▶ TRY IT
Could you give back exactly the lines below from the one with "UPSTAIRS NURSERY- CHANGING" through the one with "The autograph includes", without a single picture?

▶ ENTRIES SHOWN
──────

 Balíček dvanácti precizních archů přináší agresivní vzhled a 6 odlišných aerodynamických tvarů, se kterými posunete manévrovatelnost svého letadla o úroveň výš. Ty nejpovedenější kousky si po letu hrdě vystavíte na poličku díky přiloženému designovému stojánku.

──────

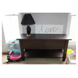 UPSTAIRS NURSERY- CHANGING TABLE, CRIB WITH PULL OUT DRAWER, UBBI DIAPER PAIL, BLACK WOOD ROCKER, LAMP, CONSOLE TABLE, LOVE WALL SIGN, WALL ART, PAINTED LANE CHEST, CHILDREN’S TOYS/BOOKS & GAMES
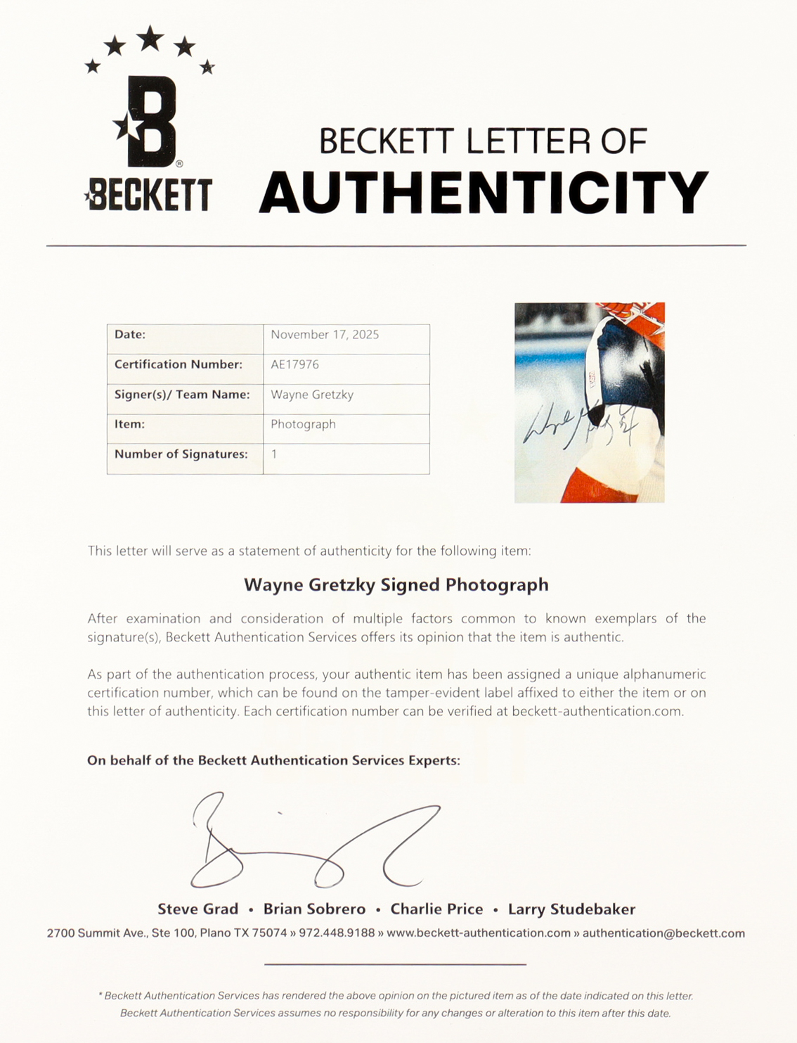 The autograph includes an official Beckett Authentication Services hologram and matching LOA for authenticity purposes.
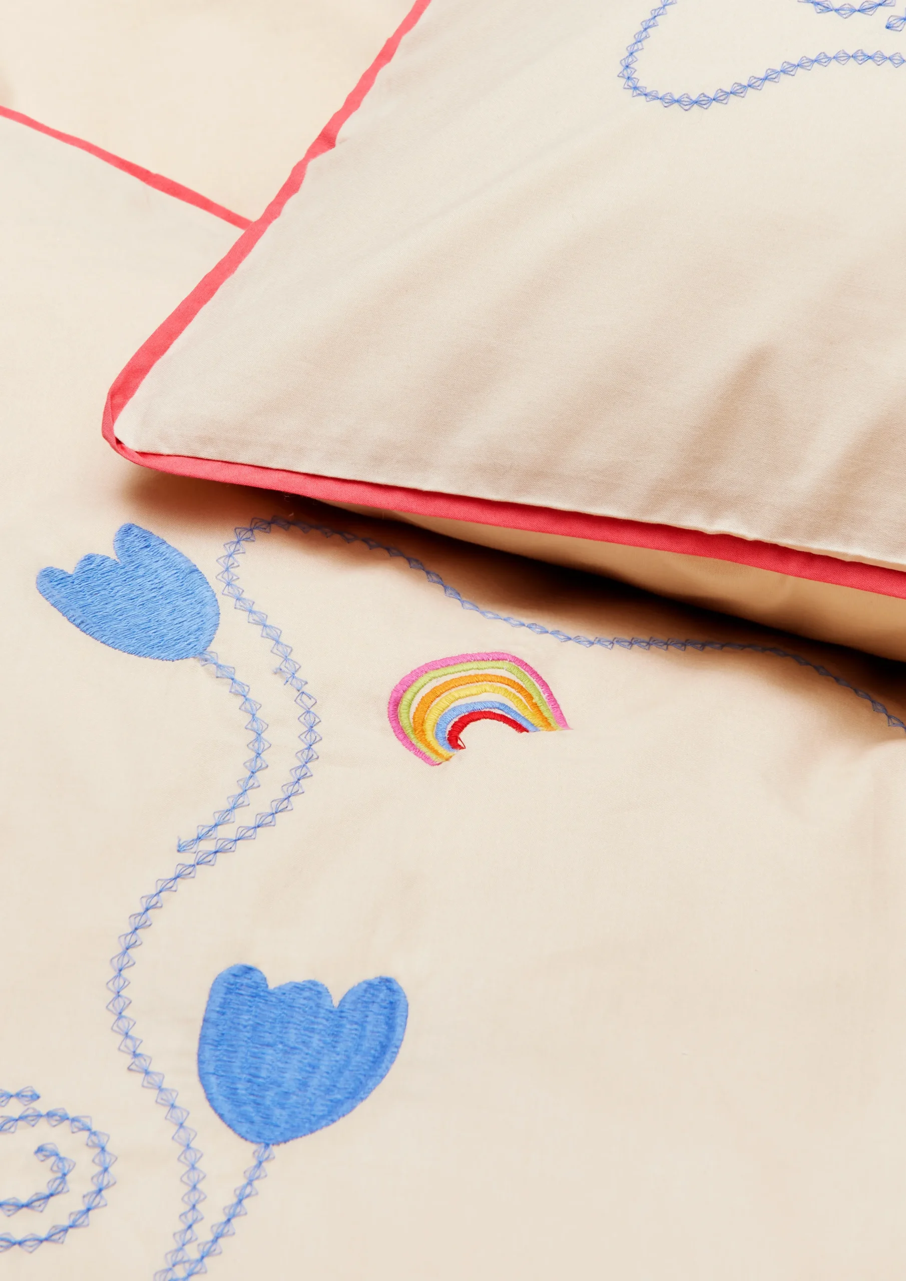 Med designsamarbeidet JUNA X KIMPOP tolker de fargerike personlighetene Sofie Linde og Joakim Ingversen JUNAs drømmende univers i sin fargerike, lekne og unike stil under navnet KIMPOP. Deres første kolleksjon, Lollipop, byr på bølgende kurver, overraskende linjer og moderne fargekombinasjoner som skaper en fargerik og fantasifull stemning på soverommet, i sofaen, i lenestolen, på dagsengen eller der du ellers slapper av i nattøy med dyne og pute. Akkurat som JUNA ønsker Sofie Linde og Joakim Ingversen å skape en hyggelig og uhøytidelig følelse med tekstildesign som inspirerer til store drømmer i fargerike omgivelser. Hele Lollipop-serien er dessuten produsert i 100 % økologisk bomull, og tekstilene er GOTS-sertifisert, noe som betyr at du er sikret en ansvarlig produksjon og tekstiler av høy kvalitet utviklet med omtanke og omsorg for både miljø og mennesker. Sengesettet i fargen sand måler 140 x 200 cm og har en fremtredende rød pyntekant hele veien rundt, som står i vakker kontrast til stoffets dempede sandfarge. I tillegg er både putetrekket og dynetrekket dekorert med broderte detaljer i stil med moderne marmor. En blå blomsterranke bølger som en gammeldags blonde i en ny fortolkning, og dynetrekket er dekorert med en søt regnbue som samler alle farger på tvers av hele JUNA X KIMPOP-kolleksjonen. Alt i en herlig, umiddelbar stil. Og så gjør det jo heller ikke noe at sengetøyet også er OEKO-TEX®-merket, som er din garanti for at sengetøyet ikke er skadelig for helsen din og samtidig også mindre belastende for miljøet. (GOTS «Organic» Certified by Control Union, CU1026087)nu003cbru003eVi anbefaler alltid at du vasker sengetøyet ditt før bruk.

──────

▶ ANSWER BOX
 UPSTAIRS NURSERY- CHANGING TABLE, CRIB WITH PULL OUT DRAWER, UBBI DIAPER PAIL, BLACK WOOD ROCKER, LAMP, CONSOLE TABLE, LOVE WALL SIGN, WALL ART, PAINTED LANE CHEST, CHILDREN’S TOYS/BOOKS & GAMES
 The autograph includes an official Beckett Authentication Services hologram and matching LOA for authenticity purposes.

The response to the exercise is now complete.